House of Lords Select Committee on the Constitution report on Parliament and the Article 50 process

As Parliament returned after the summer recess, the House of Lords Select Committee on the Constitution published a report entitled ‘The invoking of…

As Parliament returned after the summer recess, the House of Lords Select Committee on the Constitution published a report entitled ‘The invoking of Article 50’. Whilst no one has a crystal ball to predict when Article 50 will be invoked, what is clear is that there is considerable debate and differences of opinion as to whether this can be achieved using the royal prerogative power, or whether Parliament will need to be involved in some way or another. Whilst the Government has maintained that they can trigger Article 50 by royal prerogative power, a judicial review of this position has commenced and is expected to be heard in the High Court in mid to late October. 

A bill or a resolution?

Without expressing a view on the various legal arguments in relation to how Article 50 can be triggered, the House of Lords report sets out the two options should Parliament be involved in approving the triggering of Article 50, which are summarised below.

  1. A bill?
    Legislation brings the benefit of legal certainty.  Any Act would make it clear that Parliament has given its authority for withdrawal from the EU to commence and that this may be the vehicle that leads to existing legislation being amended or repealed.  This gets around potential legal difficulties concerning whether the royal prerogative power can override statute, for example if the European Communities Act 1972 is repealed or amended. An Act could also lay out preconditions that must be met before the Government could trigger Article 50.

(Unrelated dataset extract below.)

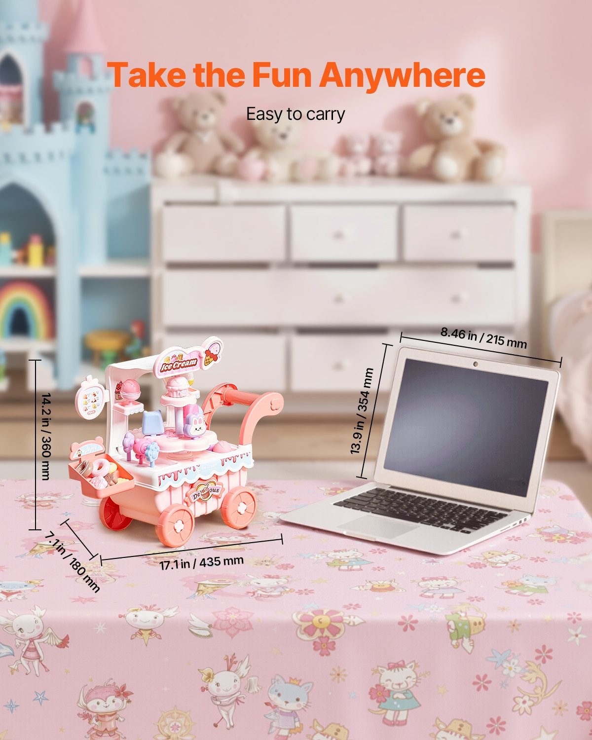 Ice Cream Cart for Kids 27 PCS Accessories Pretend Play Store Storage Trol

    Any Act would proceed through both Houses of Parliament which would give the opportunity for debate and could be a more transparent way of ensuring that the voice of the electorate is heard.  That said, keeping the debate confined to the scope of the Bill may prove difficult on this emotive issue.  The legislative process could well take some time for a consensus to be reached, however the end result would be an Act approved by both Houses. 

  2. A resolution?
    If an Act is not used, Parliament’s involvement could be by way of a resolution which has the advantage over legislation in terms of speed.  Resolutions can simply be agreed in the Commons or both Houses which could ultimately be quicker than a bill. A resolution could also include preconditions to be met prior to the triggering of Article 50, but has the complication that it would not be legally binding on the Government. Consideration would need to be given to whether the assent of both Houses would be needed as the position is not clear cut.  What is apparent is that if the assent of both Houses is required, this raises a further difficulty because there is the possibility that there could be two different resolutions agreed, with no process for reconciling them.  

We are only at the beginning of the legal process to withdraw from the EU but what is clear is that there will be many legal arguments ahead and whilst there are many noises about who can press the Article 50 button, and whether or not we should press that button, the prime minister has maintained the position that the wishes of the electorate must be enacted.